The paper thus clearly fulfills SciPost's acceptance criteria. However, quite a few issues with language need to be resolved first. Also, I have a few requests to further elaborate on some explanations, as some details are not entirely clear to me, yet.

Requested changes

1- abstract, line 6: initiate -> conduct
2- Introduction, line 1 (and throughout the text, will not repeat): samplings of a random variable -> samples of a random variable
3- p2 Classifier-based goodness of fit, line 5: "in most applications" feels too strong to me. -> "in many applications"
4- p2 Classifier-based goodness of fit, "and it is created within the design of the test methodology": I have no idea what that means.
5- one line below "by running more simulations" -> "by synthesizing more artificial data" (or similar)

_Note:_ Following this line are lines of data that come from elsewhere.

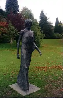 The Second World War, which broke out shortly before Frink's ninth birthday, provided context for some of her earliest artistic works.[5] Growing up near a military airfield in Suffolk, she heard bombers returning from their missions and on one occasion was forced to hide under a hedge to avoid the machine gun attack of a German fighter plane.[6] Her early drawings, from the period before she attended arts school in London, have a powerful apocalyptic flavour: themes include wounded birds and falling men.[4] During the course of the war Frink was evacuated with her mother and brother Tim to Exmouth, Devon where she attended Southlands Church of England School. When Southlands School was commandeered for the war effort in 1943 Frink became a full time pupil at The Convent of the Holy Family School.[7]
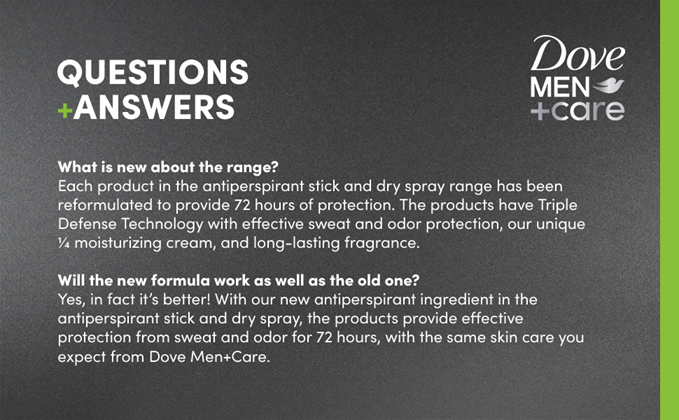 • 1/4 MOISTURIZING CREAM: Dove Men+Care antiperspirant uses our exclusive care for comfortable underarms all day
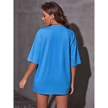 Verdusa Women's Loose Drop Shoulder Tree Miami Letter Graphic Oversized Longline Tee Shirt Tops Blue M
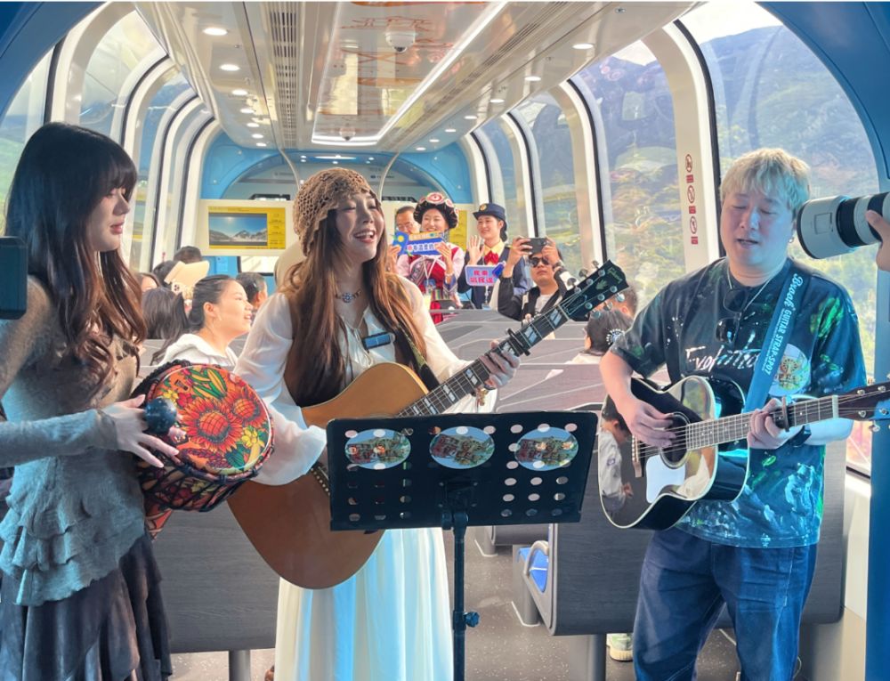 2025丽江民谣音乐季路演活动在丽江雪山观光火车内上演。(丽江融媒记者 和丽菊 摄)
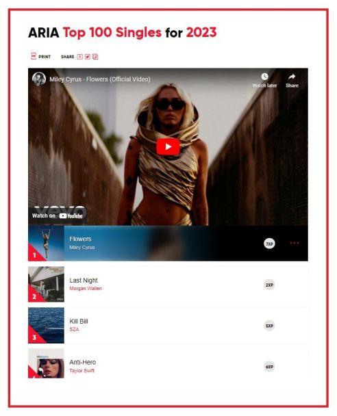 Other artists that featured prominently in the end-of-year charts were Miley Cyrus (examples: Flowers at number one, and Party In The USA at 69); Post Bloody Malone (egs: Circles and Chemical); Morgan Wallen (Wasted On You, and Last Night); SZA; PinkPantheress; The Weeknd; and everybody’s favourite normie Ed Sheeran.
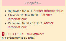 Au delà des 3 premiers événements la liste est paginée (un lien permet de tous les afficher).

6- p3 "Interpreting the GoF problem as a one of 2ST" -> "Interpreting GoF as a 2ST"
7- sometimes references are given as "[x]" sometimes "Ref. [x]". Does the journal propose/wish for a consistent manner?
8- p3 "to tell apart the D from the R data" -> "to tell D from R"
9- "On the contrary, it will possess" -> "It will however posses ... "
10- next sentence: "The performances of the trained classifier" -> "The performance of the trained classifier"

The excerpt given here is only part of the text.